Locke crept out from the shade of the stage pillars and into the heat. The Pearl’s
western galleries wore shadows like masks, but the middle of the stage was at the
mercy of the late-afternoon sun. Alondo came from the opposite side, met him in front
of Jasmer and Sylvanus, and together they continued the scene.

Scene by scene, day after day, the drama unfolded in fits and starts, as though capricious
gods were toying with the lives of Salerius II and
his court.

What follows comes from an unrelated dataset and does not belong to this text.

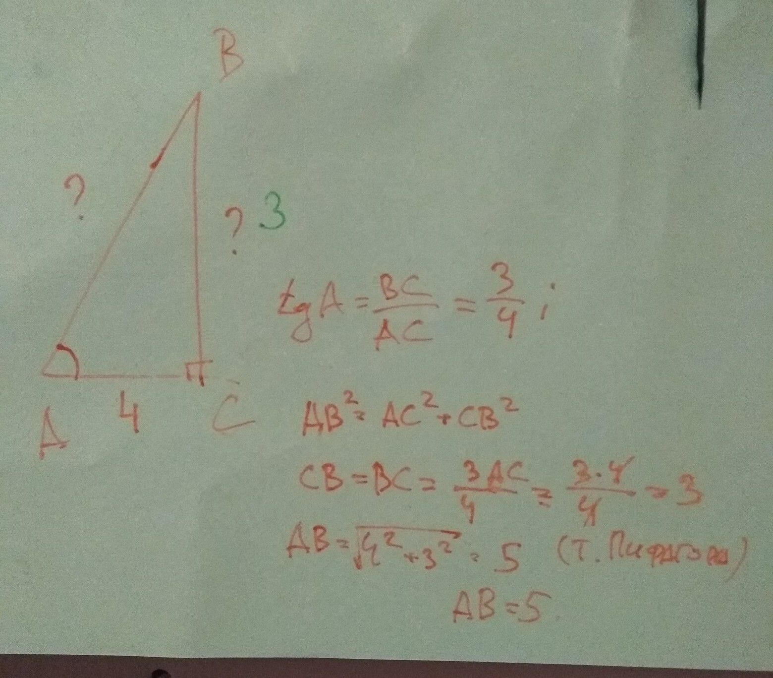 В треугольнике ABC угол C равен 90 градусов tga 3/4 AC равен 4 найдите AB

Skipping forward, reversing time, shifting parts and places, demanding
repetition of certain moments until every participant was ready to throw punches,
Jasmer Moncraine conjured the rough shape of the story and then started to carve fine.

For Locke the days became rhythmic frustration, as he and Sabetha were herded by Boulidazi,
as he dutifully applied himself to becoming a character he didn’t want to play. It
was not unlike inhabiting a role as Chains had taught him, and in other circumstances
it might have been fascinating. Yet each time he watched Alondo take Sabetha by the
hand, or shoulder, or practice stage-kisses and embraces, he learned anew how slowly
time could crawl when there was some misery to dwell on.